◆ Stored data
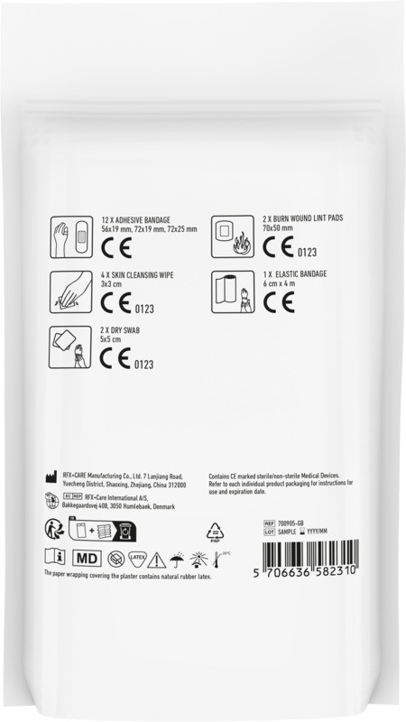 Ce kit premiers secours est très utile à la maison ou dans la voiture pour parer aux urgences. Contient : 12 pansements, 4 cotons pour nettoyer la peau,2 cotons secs, 1 bandage élastique, 2 compresses pour les brulures. Tous les contenus à l’intérieur des kits sont conformes à la législation européenne. Le prix comprend l’étiquette personnalisée. Livré en pochette papier. Papier Kraft recyclé. Fabriqué en Lithuanie.
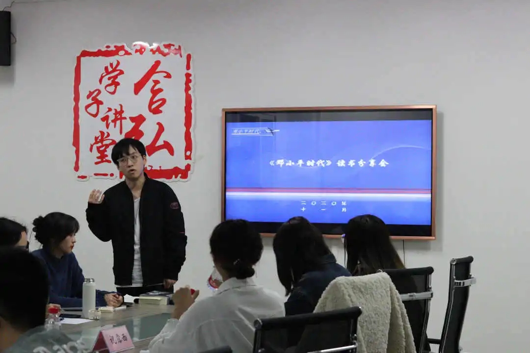 郇宜达同学分享了《邓小平时代》。《邓小平时代》是由美国哈佛大学傅高义教授倾10年心力完成的权威著作。傅高义教授通过大量采访的形式,以真实、客观的角度介绍邓小平的个人经历、邓小平时代在中国乃至在世界上的历史地位,旨在给西方以及想要了解中国的人展示一个真实的邓小平。郇宜达同学从“拨乱反正,解放思想”“经济改革,对外开放”“破冰台湾,解决港澳”“变革外交,中美蜜月”和“接班终定,南巡落幕”五个方面呈现该书的主要内容,最后还就分享此书的目的和大家进行了交流。
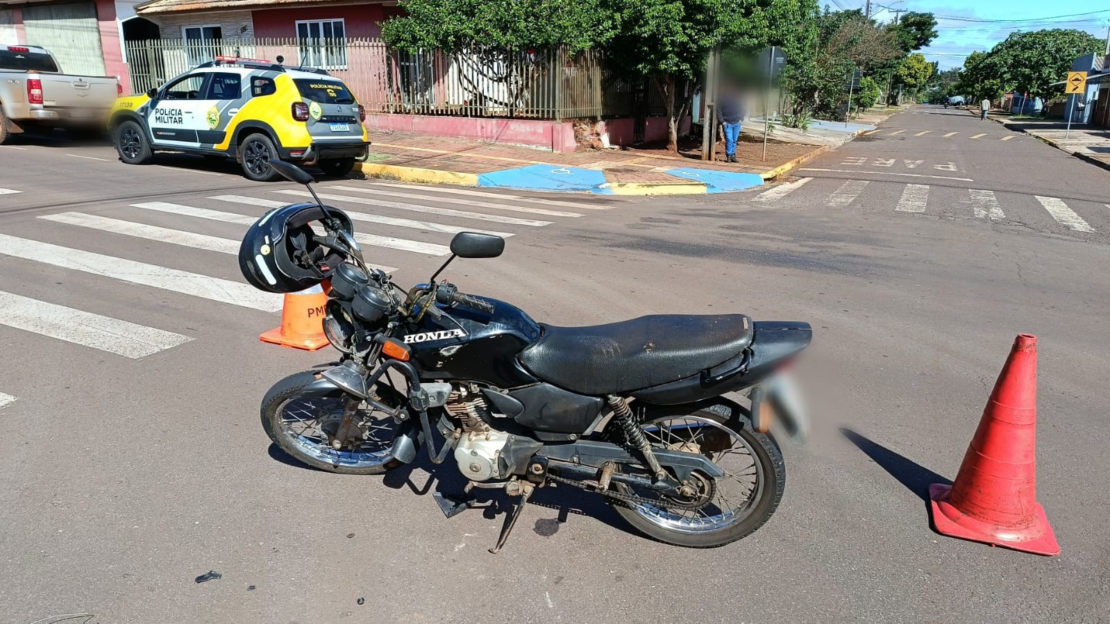 Pai e filho ficaram feridos em um acidente de trânsito registrado por volta das 13h00 desta quinta-feira (29), no cruzamento das ruas Félix da Cunha e Emílio Dietrichkeit, no Jardim Europa, em Toledo. A colisão envolveu uma motocicleta Honda CG 150, ocupada por pai e filho, e uma caminhonete GM S10.

◆ Problem
Leave every picture out, and transcribe the data above exactly as it reads.

◆ Task result
 Ce kit premiers secours est très utile à la maison ou dans la voiture pour parer aux urgences. Contient : 12 pansements, 4 cotons pour nettoyer la peau,2 cotons secs, 1 bandage élastique, 2 compresses pour les brulures. Tous les contenus à l’intérieur des kits sont conformes à la législation européenne. Le prix comprend l’étiquette personnalisée. Livré en pochette papier. Papier Kraft recyclé. Fabriqué en Lithuanie.
 郇宜达同学分享了《邓小平时代》。《邓小平时代》是由美国哈佛大学傅高义教授倾10年心力完成的权威著作。傅高义教授通过大量采访的形式,以真实、客观的角度介绍邓小平的个人经历、邓小平时代在中国乃至在世界上的历史地位,旨在给西方以及想要了解中国的人展示一个真实的邓小平。郇宜达同学从“拨乱反正,解放思想”“经济改革,对外开放”“破冰台湾,解决港澳”“变革外交,中美蜜月”和“接班终定,南巡落幕”五个方面呈现该书的主要内容,最后还就分享此书的目的和大家进行了交流。
 Pai e filho ficaram feridos em um acidente de trânsito registrado por volta das 13h00 desta quinta-feira (29), no cruzamento das ruas Félix da Cunha e Emílio Dietrichkeit, no Jardim Europa, em Toledo. A colisão envolveu uma motocicleta Honda CG 150, ocupada por pai e filho, e uma caminhonete GM S10.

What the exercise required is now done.